Friday, February 5, 2010

Efficient at what?

The primary problem is people misinterpreting and overinterpreting EMH, often as not its proponents as its opponents. It actually says very little. Like Yglesias, if it were called the unpredictable market hypothesis, it would likely both be more widely accepted and less controversial. The problem is efficiency is equated to rationality but if markets were rational prices would not be subject to tectonic changes, nor would they vary widely from fundamentals. Markets may be efficient at reflecting our beliefs but our beliefs are not necessarily rational. Often people interpret it as markets may not be efficient but they tend towards efficiency (rationality). Yes, markets can stay and increase their irrationality longer than you can stay solvent, and when everyone is being irrational, there is efficiency in being irrational.

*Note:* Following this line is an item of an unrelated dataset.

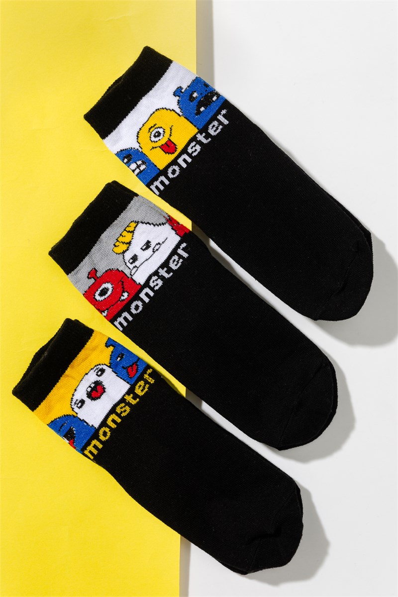 Комплект детских носочков из трех пар. На верхней части носка надпись monster и забавные рожицы монстриков.

If one interprets information in an objective sense, then efficiency would imply rationality, but if one interprets it as future expectations, and especially as expectations of others expectations, then there can be no objectivity nor rationality because we are not considering the past but the future, all information concerns the past, and we are free to imagine any possible future. As future becomes past these expectations can swing wildly and imaginations can trample the hardiest of fundamentals. Imaginations are free to soar and plummet even as fundamentals keep us tethered to the realities of the past. Markets are efficient at reflecting our hopes and skepticism, greed and fear, dreams and nightmares.